(Data excerpts)
####################
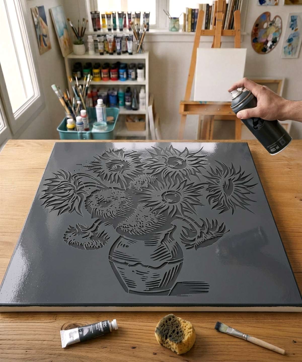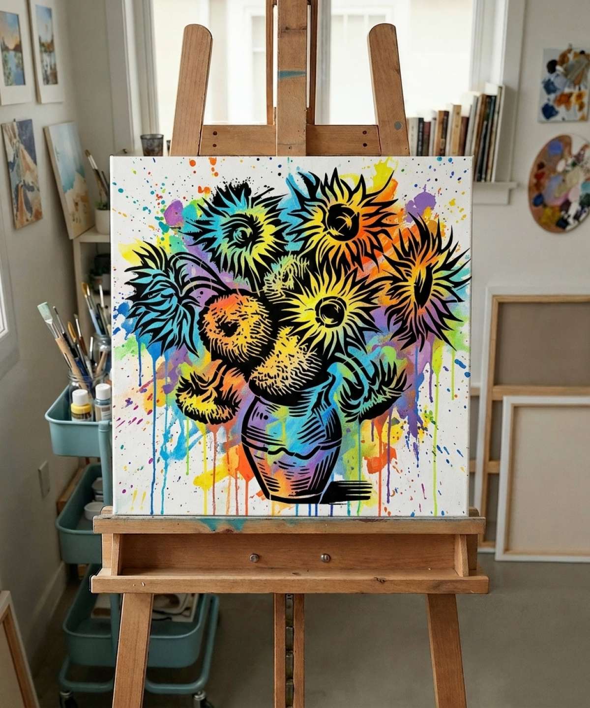 Eine Street-Art-Interpretation von Van Goghs Sonnenblumen. Ein ikonisches Motiv, das die Graffiti- und Urban-Art-Codes aufnimmt. Ideal, um sofortige Wirkung zu erzielen.
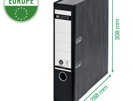 Leitz 180° Qualitäts-Ordner mit patentierter 180°-Präzesionsmechanik öffnen sich 50 % weiter als andere Ordnertypen und lassen Sie Ihre Unterlagen 20 % schneller ablegen. Sie können zwischen 350 und 600 A4-Blätter aufnehmen. Die Serie trägt seit mehr als 25 Jahren das Umweltzeichen Blauer Engel, ist seit 2011 FSC-zertifiziert und bestehen zu 100 % aus recyceltem, hochwertigem Karton, sind klima-kompensiert und zu 100 % recycelbar. Farbe schwarz.
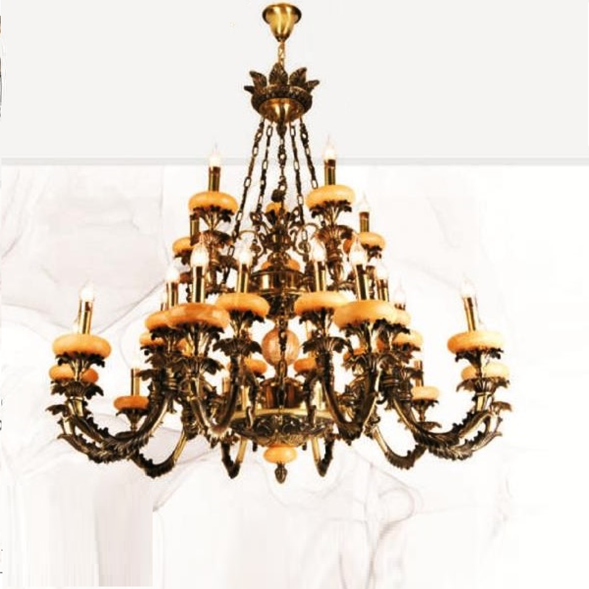E - CD - 323/24+12: Đèn chùm đồng 36 tay, chao đá - KT: Ø1200mm x H1080mm + 500mm - Bóng đèn E14 x 36 bóng
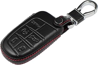 M.JVisun Étui de protection en cuir véritable pour clés de voiture Jeep/Dodge/Chrysler/Fiat avec porte-clés – Cuir – Noir
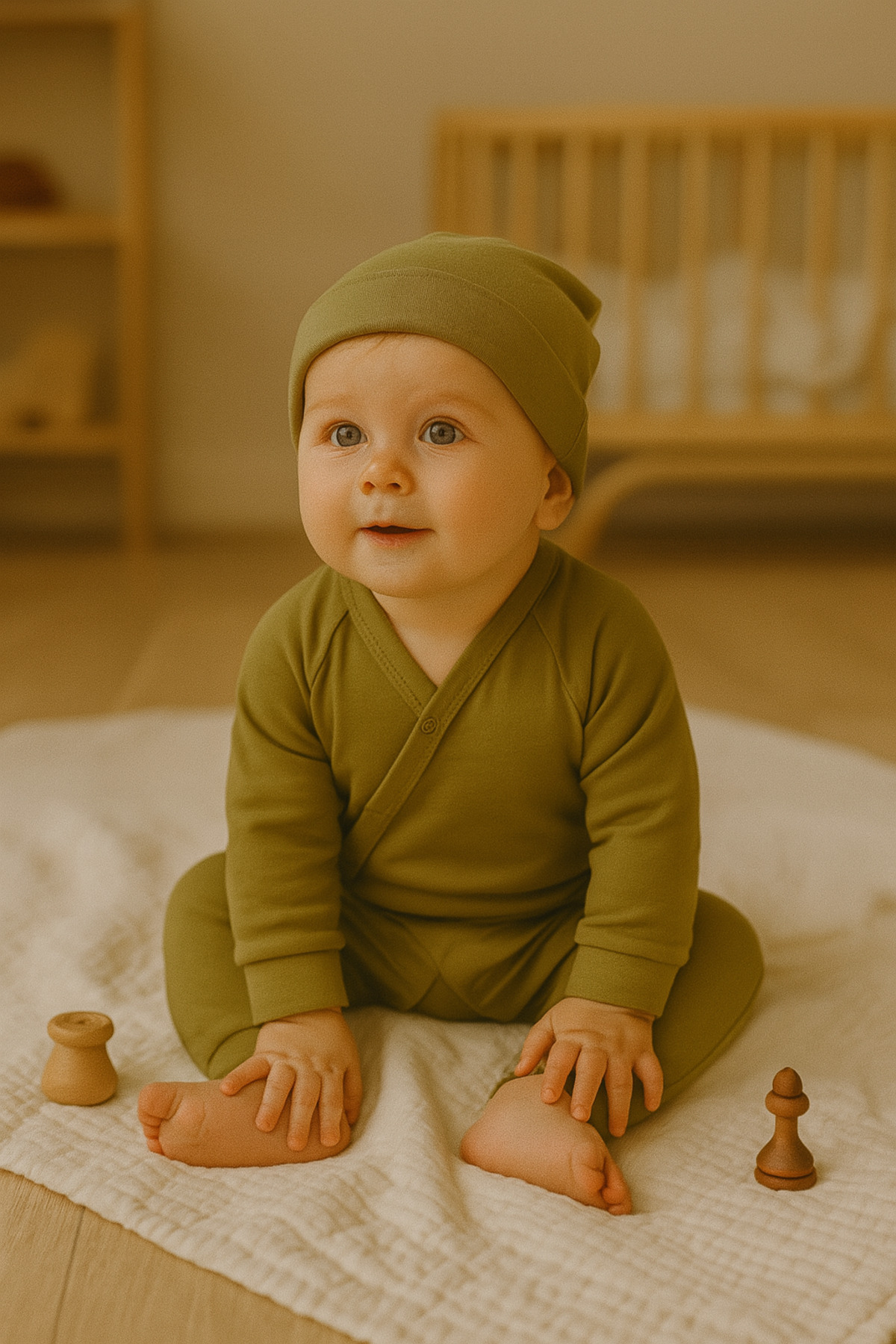 Yaka Kruvaze Düğmeli Şapkalı Tulum Seti Yaka Kruvaze Düğmeli Şapkalı Tulum Seti MNBT 6-9 AY
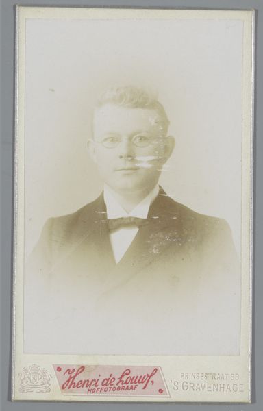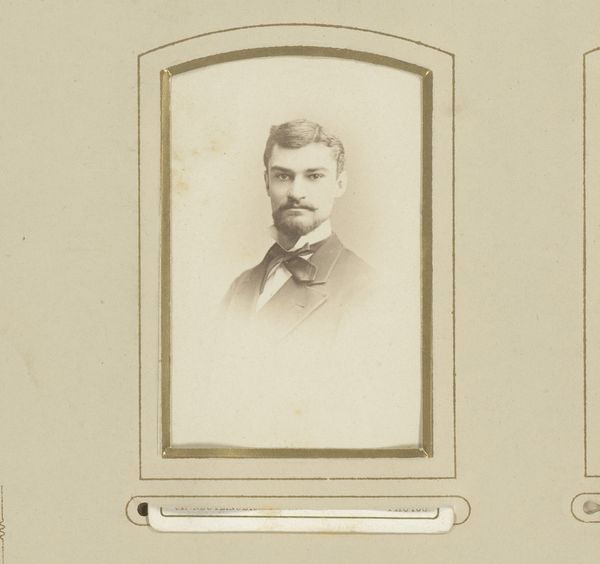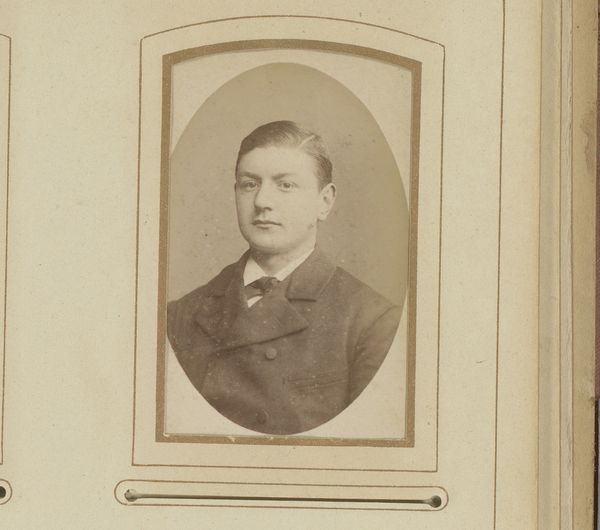 Editor: This is "Portret van een jonge man," a photographic portrait created sometime between 1850 and 1900 by H. Berghäger. The monochromatic palette creates a very stoic, formal feel. I'm curious, what stands out to you most about the formal qualities of this photograph? Curator: Initially, it's the subject's gaze. His eyes possess a sharpness that contrasts with the soft focus characteristic of photography of this era. Examine the tonality: the interplay of light and shadow sculpts his features with subtle gradations. Note how the tight framing accentuates the composition. Editor: Yes, the focus is definitely drawn to the subject’s face. And the sharp details of his attire versus the soft focus of the background makes a statement, right? Curator: Precisely. It presents a fascinating paradox. The crispness of the details—the cut of his jacket, the set of his tie—demands attention. They suggest a meticulous concern with representation and contribute a feeling of self-assuredness. Editor: That’s a really great observation, thank you! Seeing it this way really helps. Curator: It’s about interpreting what we see through formal understanding and analysis. Considering how the various elements relate to one another brings new meaning to the whole image. Editor: Absolutely. This close observation has shifted my perception; now I appreciate the subtleties even more. Thank you.
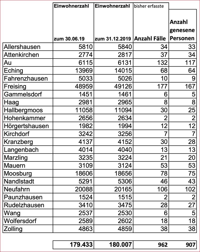 (ty) Einmal wöchentlich veröffentlicht das Landratsamt die aktuellen Corona-Fallzahlen aus dem Kreis Freising nach Gemeinden aufgeschlüsselt. So auch heute wieder. Den Angaben zufolge sind bislang – Stand: gestern, 14 Uhr – insgesamt 968 Personen positiv auf den neuartigen Erreger getestet worden. 907 der Betroffenen gelten mittlerweile als genesen, 42 Infizierte sind gestorben. Der unten stehenden Tabelle ist zu entnehmen, wie viele Personen positiv auf Corona getestet worden sind und wie viele als genesen zählen. Hinweis der Behörde: "Die Summe entspricht nicht der aktuellen Gesamtzahl für den Landkreis."
####################
Would you give again, exactly, the lines in the data above that run from the line containing "M.JVisun Étui de" to the line containing "Yaka Kruvaze Düğmeli Şapkalı Tulum Seti Yaka"? Include both ends and no pictures.

Reply:
 M.JVisun Étui de protection en cuir véritable pour clés de voiture Jeep/Dodge/Chrysler/Fiat avec porte-clés – Cuir – Noir
 Yaka Kruvaze Düğmeli Şapkalı Tulum Seti Yaka Kruvaze Düğmeli Şapkalı Tulum Seti MNBT 6-9 AY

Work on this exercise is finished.